Huffman coding is a widely used data compression algorithm. This project implements a Huffman tree to generate an optimal encoding scheme for efficient data compression.
test_arr = [1, 2, 3, 1, 2, 1, 1, 2, 3, 3, 3, 3]
tree = HuffmanTree.init_arr(test_arr)
huffman_table = tree.create_huffman_table() # Output: {3: '0', 1: '10', 2: '110'}
In this example, we use a simple integer array to create a Huffman tree and generate a coding table.
# Data structure -> {key: freq}
test_arr = {'a1': 5, 'a2': 5, 'b': 3, 'c1': 1, 'c2': 1, 'd': 2}
tree = HuffmanTree.init_arr(test_arr)
huffman_table = tree.create_huffman_table() # Output: {'a1': '00', 'a2': '01', 'b': '10', 'd': '110', 'c2': '1110', 'c1': '11110'}
In the second example, we use a dictionary to initialize the Huffman tree, where the keys represent symbols and the values represent frequencies.

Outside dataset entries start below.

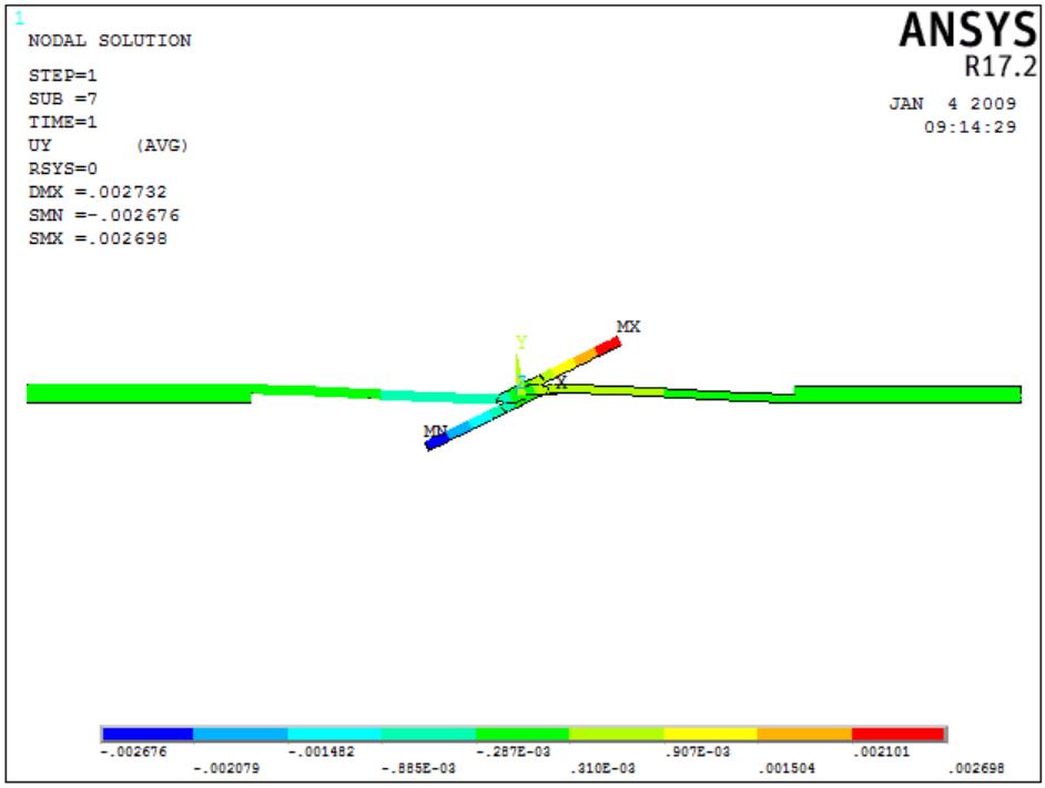 论文得到了点焊接头在施加载荷时的应力和位移云图,探究了熔核和塑性环尺寸,搭接长度对超高强钢点焊接头强度的影响,获得了等效应力的分布曲线。同时,也分析了最大应力产生的位置,同一结构在不同载荷下的应力情况等。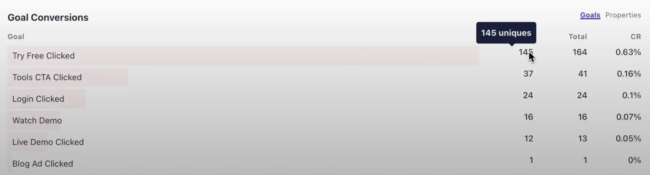 We had 145 people click our “try free” button, which seemed like decent engagement for a free tool.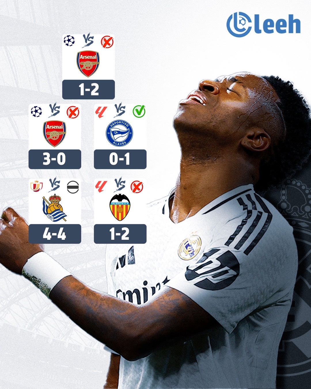 تعادل مع ريال سوسيداد 4-4. هزيمة ضد فالنسيا 2-1. هزيمة ضد أرسنال 3-0. فوز ضد ألافيس 1-0. هزيمة ضد أرسنال 2-1. ريال مدريد حقق فوز وحيد في آخر 5 مباريات وتلقت شباكه 11 هدفًا.. ماذا يحدث لأبطال أوروبا هذا الموسم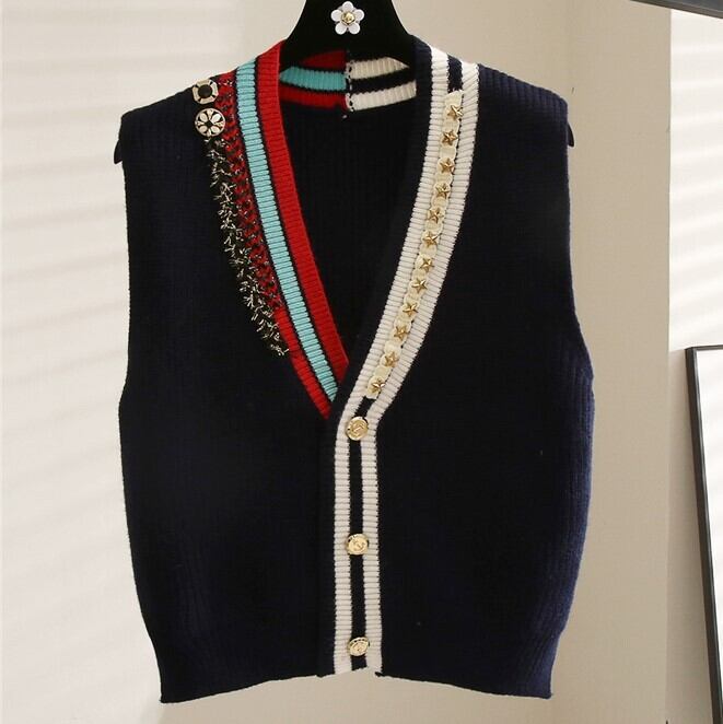 柔らかなニット素材とオリジナルのチェーンスター装飾が特徴的なおしゃれなベストです。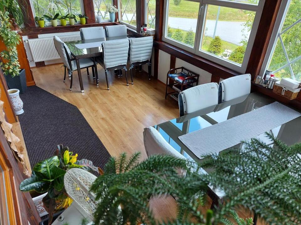 Jedlá sa podávajú v zimnej záhrade s panoramatickým výhľadom na hory a priestorom na posedenie s krbom. Najbližšia reštaurácia je vzdialená 900 metrov. Do obchodu s potravinami sa dostanete pešo za 10 minút.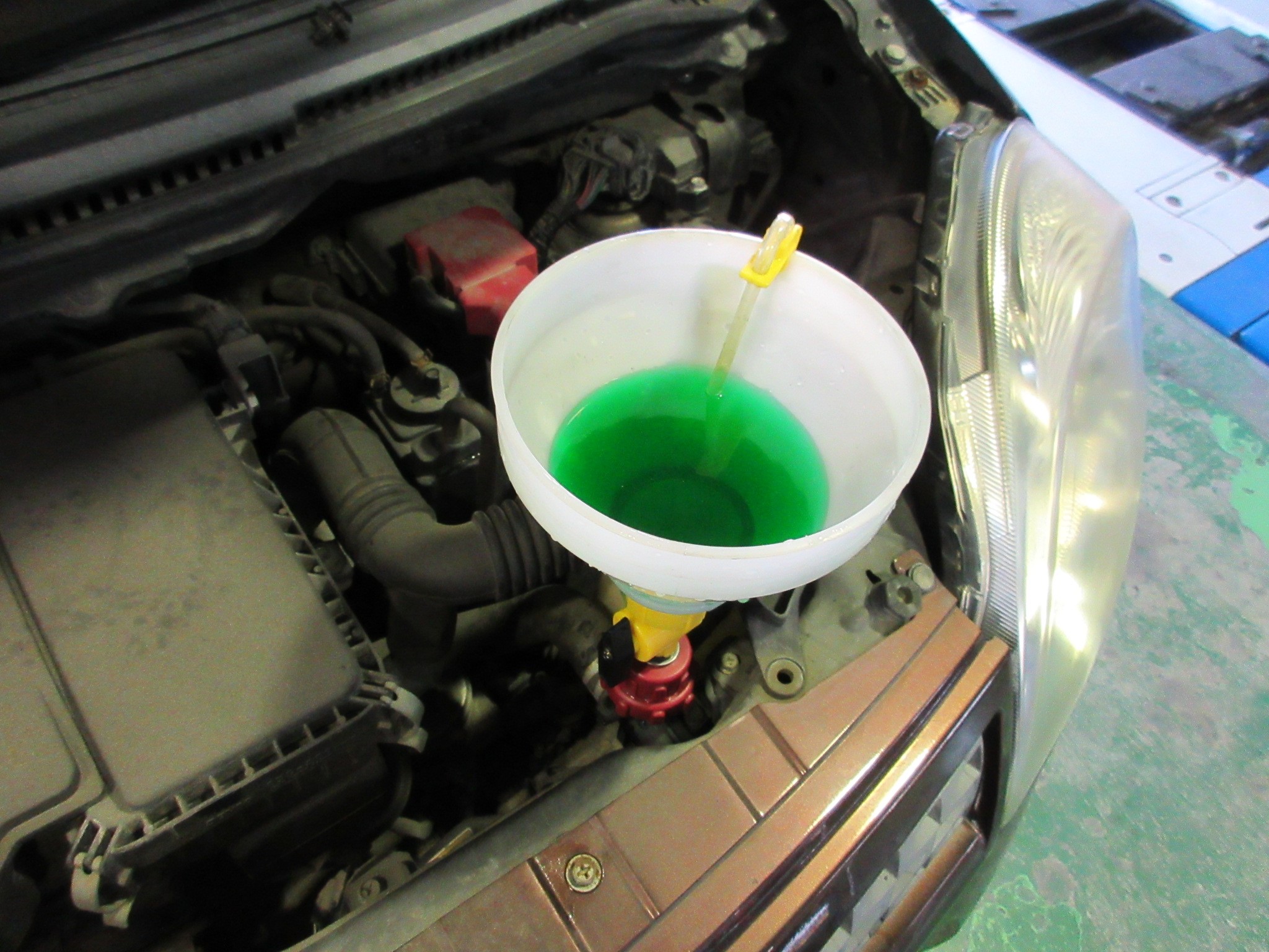 各部チェックが終わり、LLCも抜けたので新しいLLCを注入し、エア抜き作業です。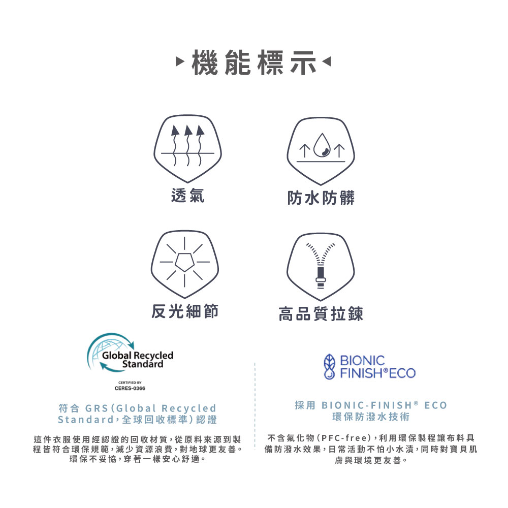 不含氟化物(PFC-free),利用環保製程讓布料具備防潑水效果,日常活動不怕小水漬,同時對寶貝肌膚與環境更友善。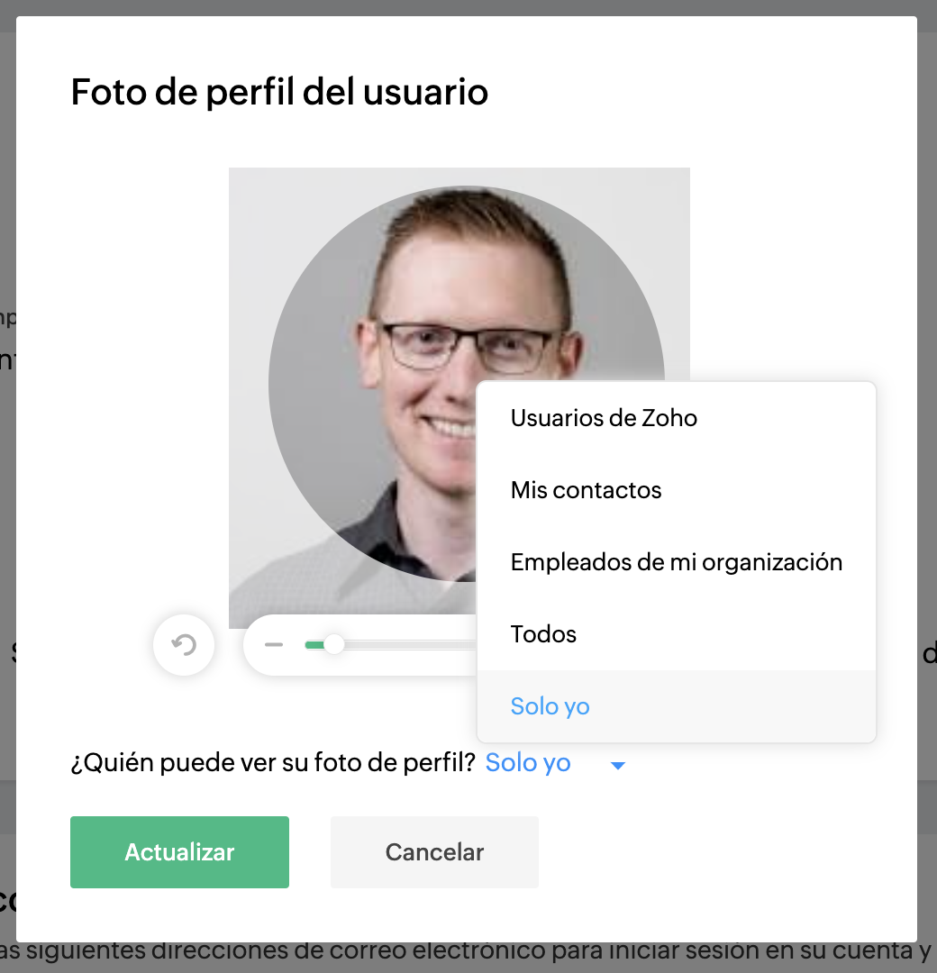 - Solo usuarios registrados de Zoho: todos los usuarios de Zoho podrán ver su foto de perfil.

The limit_code_lengths() method is a part of the Huffman tree class, used to limit the lengths of the codes to meet specific standards or requirements. This method adjusts the coding length for each symbol, ensuring that the codes meet the set maximum and minimum length constraints. This is particularly useful when dealing with a large number of symbols or when balancing coding length with compression rate.
After creating a Huffman tree and generating the basic coding table, you can call this method to optimize the code lengths.
tree.limit_code_lengths() ## Add this
huffman_table = tree.create_huffman_table()
After calling limit_code_lengths(), you can regenerate the Huffman table to see the updated codes.